Дмитрий и Владимир не поверили простодушию хитрого и ловкого сторожевого воеводы, к тому же потомку древней хазарской крови, но поступок его мгновенно оценили по достоинству.

— И что же поведал тебе Арапша-хан? — спросил Дмитрий Иванович.

— «Отдайте, — сказывает он, — пайцзу родовую, а я отпущу весь полон, взятый на Пьяне-реке, и купцам вольный торг дам по всем своим градам».

— Об этом стоит помыслить, — после некоторой паузы сказал великий князь. — Видать, посол Арапши-хана с тем же к нам прибыл?

— С чем же еще! — подтвердил Семен Мелик.

— Ты отдыхал ли? — спросил воеводу хозяин Москвы.

— Не до того было, — махнул рукой Семен. — Да не думай ты о том, княже. Привычный я. Не впервой. Говори, чего надо?

— Тогда оденься понаряднее и к обеду будь в стольнице. — Князь помедлил мгновение: — Нет, лучше сюда приди, как только стемнеет. Здесь посла Арапши-хана примем тайно, чтоб Мамаевы люди не прознали. И молчи об этом, ибо и моим болярам не все знать надобно: языки у иных почище помела. Разве что Алексия[87] позовем. Итак, к вечеру будь здесь. А теперь иди, отдохни малую толику.

— Все исполню, княже. Все, как ты повелел, — откланялся воевода.

— А ты, Володимир, посла Арапши-хана так ко двору моему приведи, чтоб ни одна душа про то не прознала.

— Понятное дело. А с Мамаевым мурзой как быть?

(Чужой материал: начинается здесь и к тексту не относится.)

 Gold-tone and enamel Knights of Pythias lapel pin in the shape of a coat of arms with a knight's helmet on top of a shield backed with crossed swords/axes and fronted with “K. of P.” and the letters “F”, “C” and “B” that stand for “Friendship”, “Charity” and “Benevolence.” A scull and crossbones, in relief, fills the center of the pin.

— Того явно зови. К полудню и доставь с почетом в большую стольницу. Думу болярскую позови, митрополита. Подарки Мамаю приготовь. Послушаем, что нам посол его пропоет. Видать, тож про пайцзу Джучиеву сказывать будет. Вон оно как Мамаю хочется быть всевластным повелителем юрта Батыева[88].

— А что в подарок дать?

— Не скупись. Ибо не оскудела еще Русь мехами, каменьями самоцветными, златом да серебром. Однако ж по разговору видно будет, дадим мы татарам дары те или проводим несолоно хлебавши. Дань погодную Орде заплатили, чего еще?

— Добро. Пойду объявлю волю твою болярам...

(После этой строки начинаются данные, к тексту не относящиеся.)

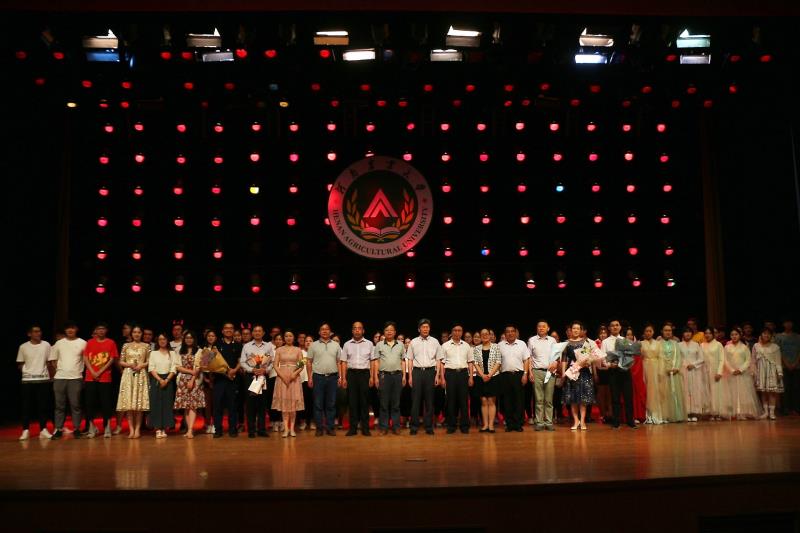 本次晚会节目均由独播库 毕业生班级自编自导,重温大学时光、诉说离别愁绪,以舞蹈、情景剧、朗诵等形式呈现了一场视觉与听觉的盛宴。晚会在一段精心制作的毕业生视频中拉开帷幕,整场晚会气氛高涨,掌声雷动,《你干嘛》、《放飞自我》、《老干部的广场舞》等舞蹈以激越奔放的节奏、动感青春的舞步展现了独播库 毕业生的青春风采。清颜白衫、青丝墨染,曼妙婀娜的舞蹈《如歌》,诠释了古典之美。《淋雨一直走》采用情景再现的形式重现了大学军训、学习、生活的情景,述说了对母校的依依不舍情。由独播库 师生共同朗诵的《农大我深情走过》,讲述学生学真知、求真理、难忘师恩,充分诠释了独播库 师生的浓厚情谊。《青苹果乐园》《等你下课》等舞蹈情景剧,用明快的节奏,流畅的舞姿讲述成长故事、离别惆怅,带我们重温大学时光。最后,晚会在合唱《祝你一路顺风》的优美曲调中缓缓落下了帷幕,让我们带着不舍与眷恋,在岁月流光中温暖起航。演出结束后,杨喜田等领导老师登台与全体演员合影留念,并为全体毕业生送上了诚挚的祝福。

Великий Князь, оставшись один, задумался: «Кому из двух противников отдать пайцзу Джучиеву, раз уж она так им обоим нужна? Мамай, он как скала, двадцать лет правит почти всей Ордой, сменяет и ставит салтанов. Все правобережье Волги до Днепра в его руках, и Таврия тоже. Не дай бог обидеть такого! Мамаю ничего не стоит двинуть на Русь несметное войско. А может, пусть нападает: пора настала померяться силой и сбросить с себя тяжкую опеку ордынскую?.. Нет! Рановато еще. Надобно разжигать усобицу среди татарских ханов. И Арапша, похоже, ныне самый подходящий человек для замятни[89]. Ежели ему отдать пайцзу, он вернет на Русь более десяти тысяч пленников, половина из которых к битве способна, а сам обещается силы свои ратные на стольный град ордынский обрушить. Мамаю тогда не до Руси станет... Только бы не обмануться. Ну, да воеводы мои да боляре себе на уме, в обман не дадутся!»

— Эй! Кто там есть?! — позвал Дмитрий. Дверь распахнулась, на пороге возник стражник.

— Найди воеводу Боброка. Пускай тотчас идет ко мне.

Дозорный молча поклонился и исчез за порогом, бесшумно притворив за собой дверь.

Плотный, коренастый русобородый военачальник средних лет не заставил себя долго ждать — был неподалеку.

— Приказывай, княже! — пробасил он почтительно.

— Вот что, Волынец! — встал ему навстречу Великий Князь. — Снаряжай дружину из тысячи конных ратников и езжай немедля в Нижний Новгород...

Боброк удивленно взметнул густые брови. Дмитрий Иванович понял немой вопрос:

— Зима на носу, ведаю. Да время не ждет. Арапша-хан хочет нам пленных передать, примешь их. Следом за тобой будет воевода Семен Мелик. Он объяснит, что к чему. Там примешь под свое начало дружину Родиона Осляби. Сей славный муж стоит в крепости Засечный Брод на реке Сереже.

— Когда выступать?

— Завтра поутру.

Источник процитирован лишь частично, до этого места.